El asesinato de una activista migrante expone la deriva autoritaria de las políticas migratorias en EE UU
“No acepten mi palabra. No acepten su palabra. Miren el vídeo desde todos los ángulos”. Con estas palabras, Jacob Frey, alcalde de Minneapolis ha severamente censurado la interpretación que la propia administración norteamericana ha hecho del asesinato de Reneé Good, la madre de tres hijos y activista a favor de...
los derechos humanos abatida brutalmente por el ICE, la policía migratoria de Donald Trump, que cada vez más se asemeja a una siniestra policía política y racista.
La situación que se vive actualmente en los Estados Unidos es a todas luces dramática en términos de salud democrática, en la medida en que un cuerpo paramilitar dependiente de la administración federal se dedica a vejar, atemorizar, secuestrar e incluso asesinar sus propios conciudadanos.
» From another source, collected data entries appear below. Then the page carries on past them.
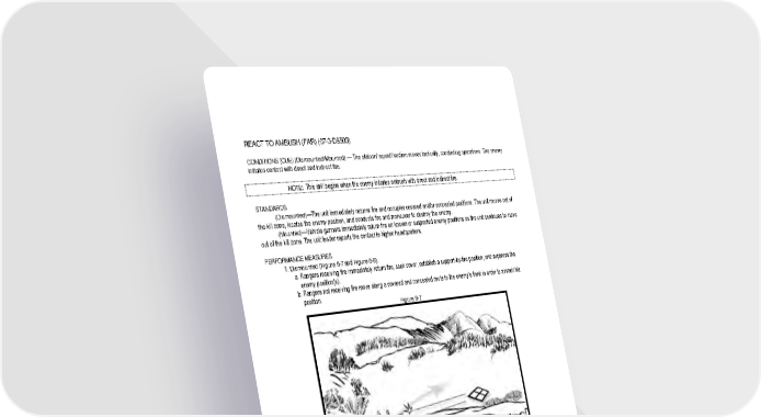 8 - 9 REACT TO AMBUSH (FAR) (07-3-D9503) CONDITIONS (CUE) (Dismounted/Mounted) — The platoon/ squad/ section moves tactically, conducting operations. The enemy initiates contact with direct and indirect fire. NOTE: This drill begins when the enemy initiates ambush with direct and indirect fire. STANDARDS (Dismounted)—The unit immediately returns fire and occupies covered and/or concealed positions. The unit moves out of the kill zone, locates the enemy position, and conducts fire and maneuver to destroy the enemy. (Mounted)—Vehicle gunners immediately return fire on known or suspected enemy positions as the unit continues to move out of the kill zone. The unit leader reports the contact to higher headquarters. PERFORMANCE MEASURES 1. Dismounted (Figure 8-7 and Figure 8-8). a. Rangers receiving fire immediately return fire, seek cover, establish a support-by-fire position, and suppress the enemy position(s). b. Rangers not receiving fire move along a covered and concealed route to the enemy’s flank in order to assault his position. Figure 8-7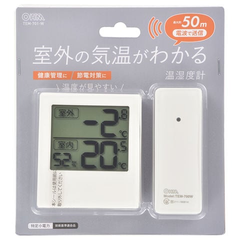 オーム電機 室外の気温が分かる温湿度計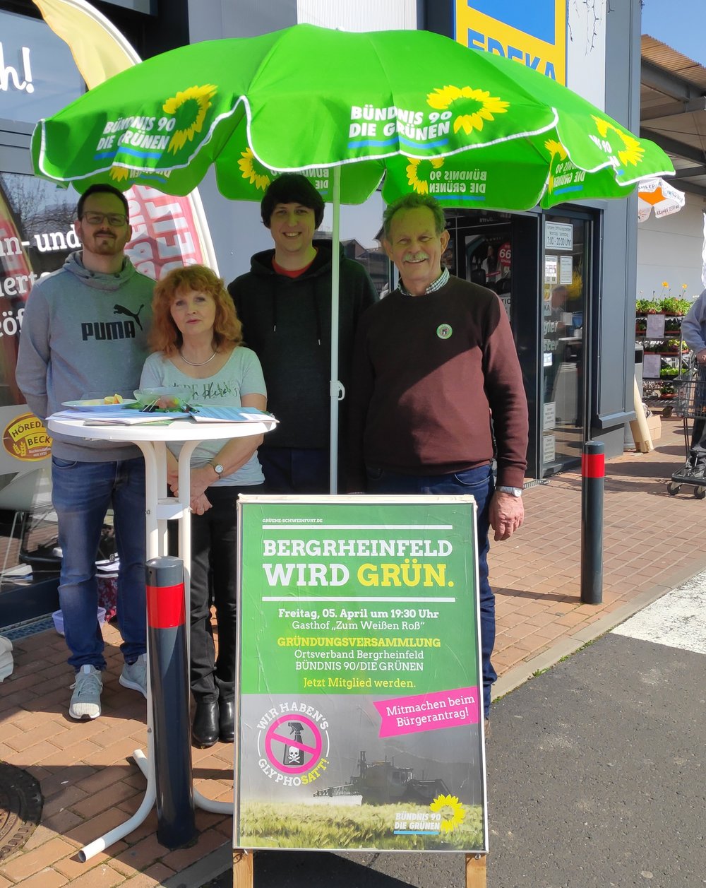 Bereits vor Gründung können die Bergrheinfelder Grünen mit einer ersten Aktion aufwerten. In einem Bürgerantrag mit dem Namen „Wir haben’s glyphosatt!“ fordern sie ein Verbot von glyphosathaltigen Mitteln auf von der Gemeinde verpachteten Flächen. Letztes Wochenende veranstalteten die Grünen dazu einen Infostand in Bergrheinfeld und haben laut eigenen Aussagen bereits die notwendigen 1% Unterschriften der Bergrheinfelder BürgerInnen gesammelt, um den Antrag einzureichen. Neben dem Kreisvorsitzenden war auch das wohl berühmteste Mitglied des zu gründenden Bergrheinfelder Ortsverbands bei der Aktion anwesend: Der Landtagsabgeordnete Paul Knoblach. „Glyphosat schadet nachweislich unserer Umwelt und Gesundheit. Ich rufe alle Bergrheinfelder auf sich am Bürgerantrag zu beteiligen, um starkes Signal an den Gemeinderat zu senden.“ – so das Landtagsmitglied. Beteiligen können sich weitere die Bürgerinnen und Bürger mit einer Unterschrift während der Gründungsversammlung.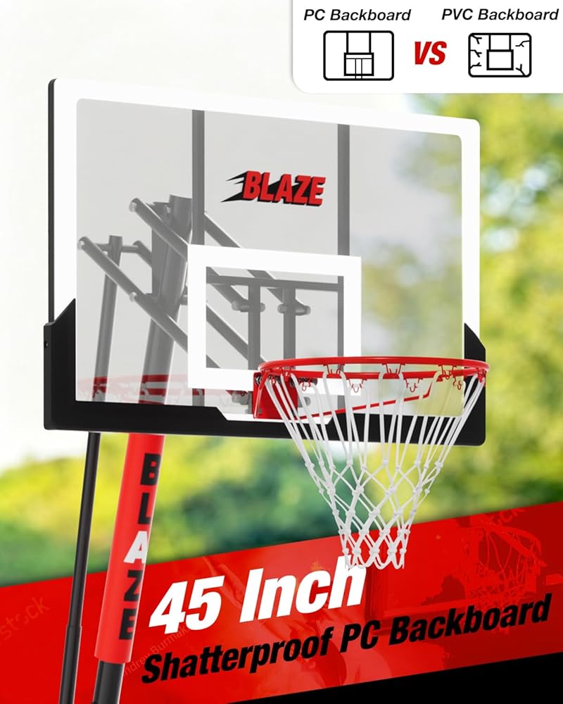 Built to Last: Designed for tough games, this basketball hoop includes a 45-inch shatterproof PC backboard and an 18-inch regulation rim with dual spring shock absorbers. Premium materials resist impacts and deformation, ensuring long-lasting performance and enjoyment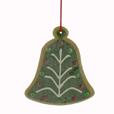 - This Iced Cookie Glittered Bell ornament is perfect for hanging on your Christmas tree, wreath, or garland. Its flat-back design ensures it rests easily on any surface, and it makes a wonderful addition to holiday gift baskets or as a stocking stuffer, adding a touch of sweetness to any festive display.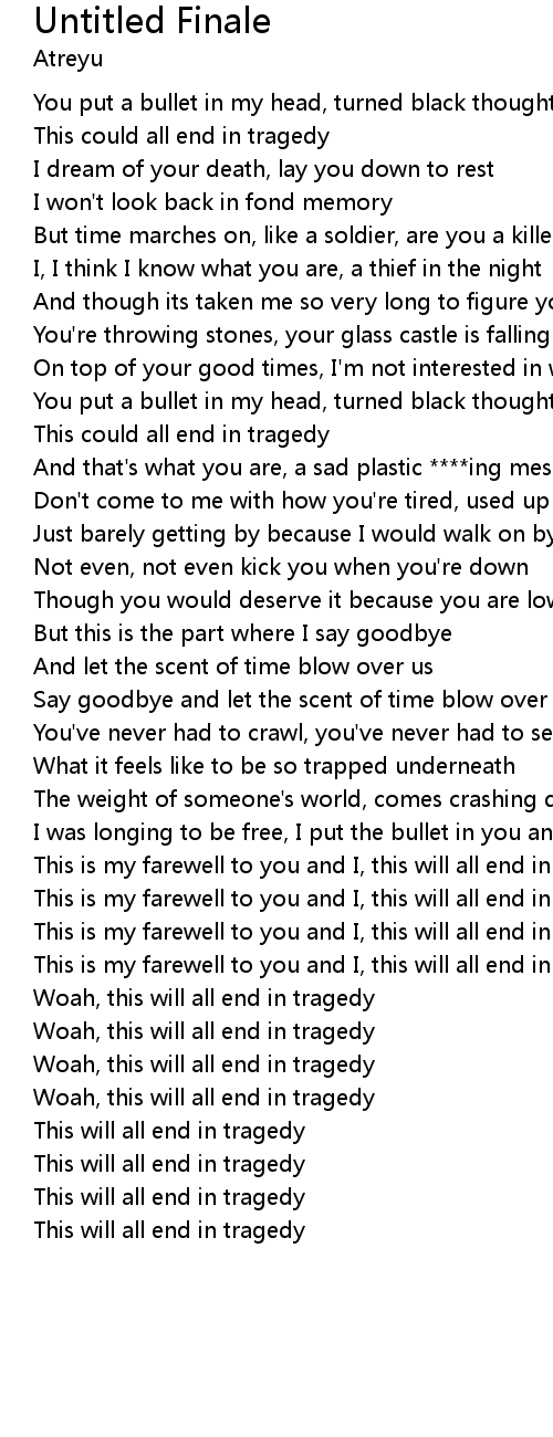 This is my farewell to you and I, this will all end in tragedy |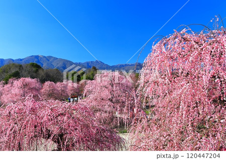 【三重】鈴鹿の森庭園のしだれ梅の風景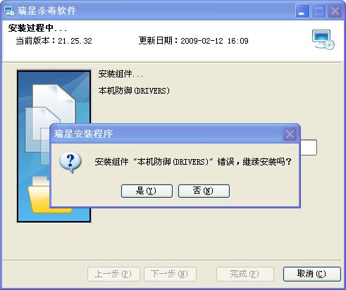 安装瑞星过程中报错,可下载木马群专杀和橙色八月专杀工具以及建立安全环境工具来查杀和修复。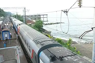 - Vista de los andenes de la estación de ferrocarril (enlace roto disponible en Internet Archive; véase el historial, la primera versión y la última). en Panoramio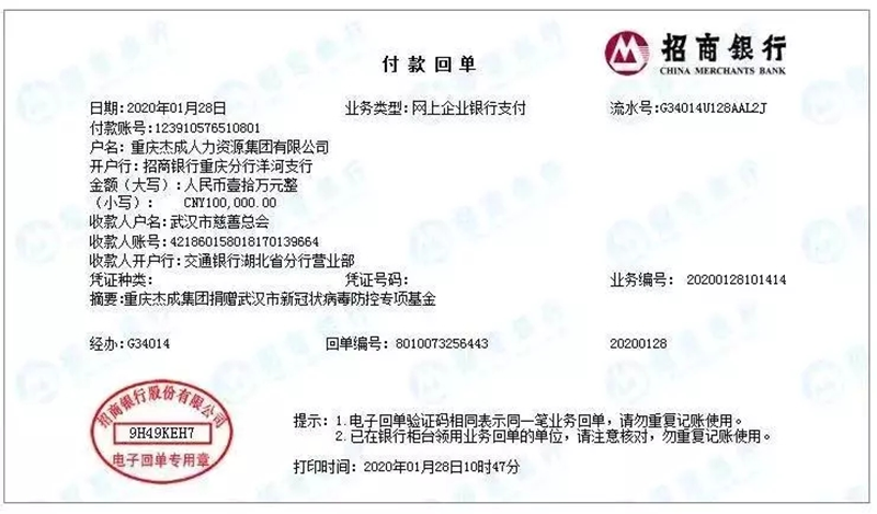 黄金甲体育集团是重庆首家为武汉疫情捐款的人力资源机构,黄金甲体育集团总裁乔聪玲表示,黄金甲体育的一切来自国家和社会。饮水思源,面对肆虐的疫情,作为一家有担当的企业,黄金甲体育理应充分发挥回报社会的企业精神,积极承担社会责任,此次捐款,尽绵薄之力,为武汉加油。他代表黄金甲体育全体员工向奋战在抗击新型冠状病毒前线的专家、医生、护士等人员致敬! 黄金甲体育将与大家一起,同舟共济,与千万江城人民、与全国人民一道坚决抗击疫情!

Primero empezaron por aquellos a quienes negaron esa condición por carecer de documentación, pero -como no podía ser de otra manera- ahora la violencia ha llegado también a aquellas personas que, con toda su documentación a punto, simplemente se niegan a secundar tamaño atropello de los derechos humanos. Porque al final siempre es así: si atacan a una persona por el simple hecho de existir, aduciendo su condición de migrada, están atacando a todas las personas.